══ Given material ══
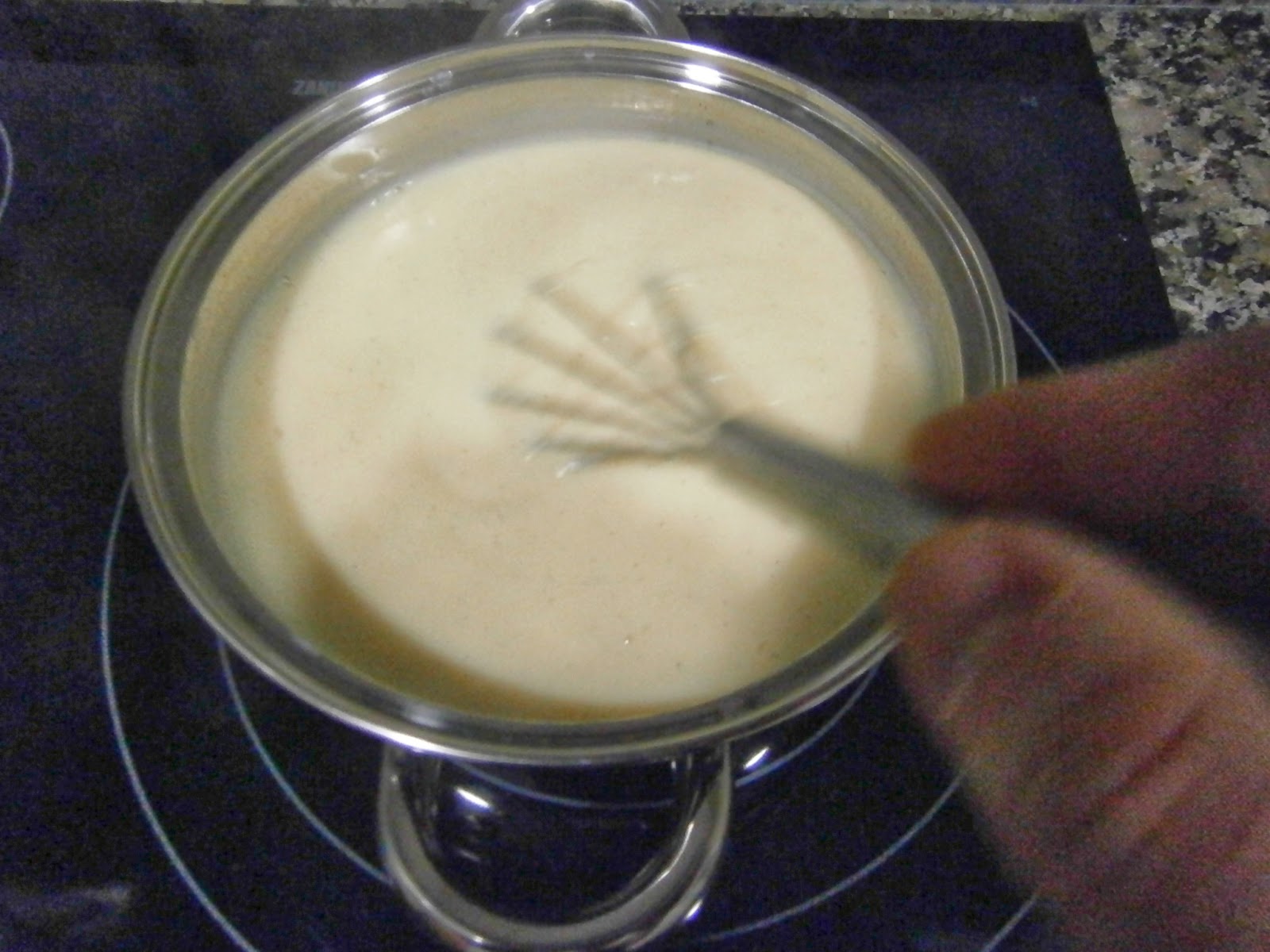 Disuelve dos cucharadas de maizena en un vaso de leche y añádelos a los huevos... Mezclar bien...
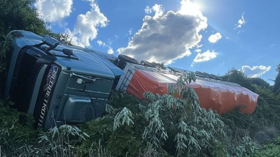 Acidente com tombamento ocorreu na tarde de quarta-feira (26) na PRC-280, no Km 227+900, em Vitor...
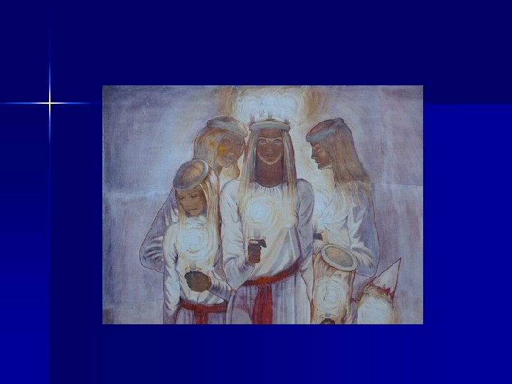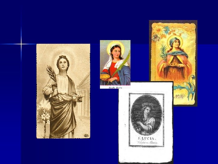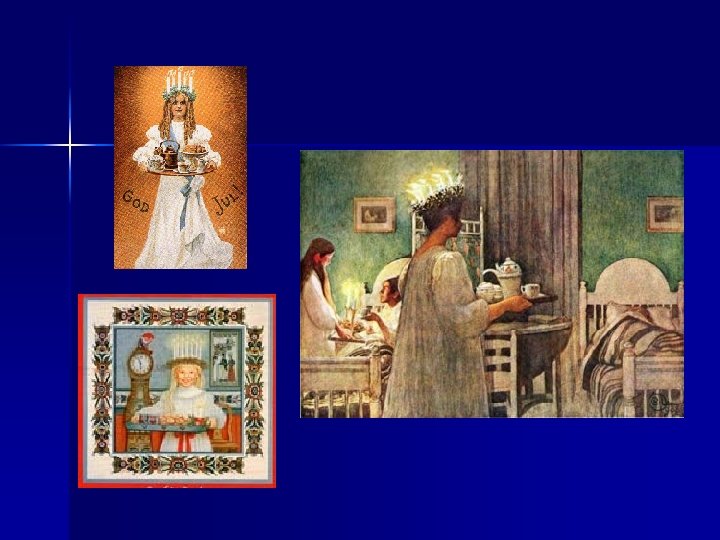 St. Lucia was a Roman young woman who became a Christian martyr about 300 AD. Lucia gave her dowry to poor Roman Christians on her wedding day, was condemned as a traitor, and was to be burned at the stake. The flames did not harm her, so her executioners killed her with a sword. Years later, when Sweden was suffering from famine and despair, legend tells how St. Lucia appeared one cold and dark winter night and brought food and light to the people of Sweden. A similar thing happened in Italy. There was a famine, and families gathered in a cathedral on her feast day, Dec. 13 th, to pray. Legend says two ships showed up with wheat, Lucia at the helm. She was dressed in white with candles on her head. (St. Lucia is the patron saint for fishermen and is said to guide them home during rough seas. )
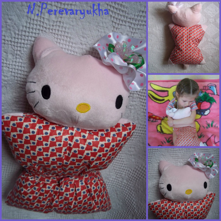 Но так как второй вагончик игрушек в квартире может не поместиться, решила во время ночных и дневных снов доченьки сотворить что- то подобное, и функциональное. В итоге вот такая подушка- сплюшка из мягенькой плюшевой ткани с мордашкой Китти и море счастья
═══
About this task — Exactly as written, restate the listing above with its pictures omitted.

Result below —
 Disuelve dos cucharadas de maizena en un vaso de leche y añádelos a los huevos... Mezclar bien...
 Acidente com tombamento ocorreu na tarde de quarta-feira (26) na PRC-280, no Km 227+900, em Vitor...
 St. Lucia was a Roman young woman who became a Christian martyr about 300 AD. Lucia gave her dowry to poor Roman Christians on her wedding day, was condemned as a traitor, and was to be burned at the stake. The flames did not harm her, so her executioners killed her with a sword. Years later, when Sweden was suffering from famine and despair, legend tells how St. Lucia appeared one cold and dark winter night and brought food and light to the people of Sweden. A similar thing happened in Italy. There was a famine, and families gathered in a cathedral on her feast day, Dec. 13 th, to pray. Legend says two ships showed up with wheat, Lucia at the helm. She was dressed in white with candles on her head. (St. Lucia is the patron saint for fishermen and is said to guide them home during rough seas. )
 Но так как второй вагончик игрушек в квартире может не поместиться, решила во время ночных и дневных снов доченьки сотворить что- то подобное, и функциональное. В итоге вот такая подушка- сплюшка из мягенькой плюшевой ткани с мордашкой Китти и море счастья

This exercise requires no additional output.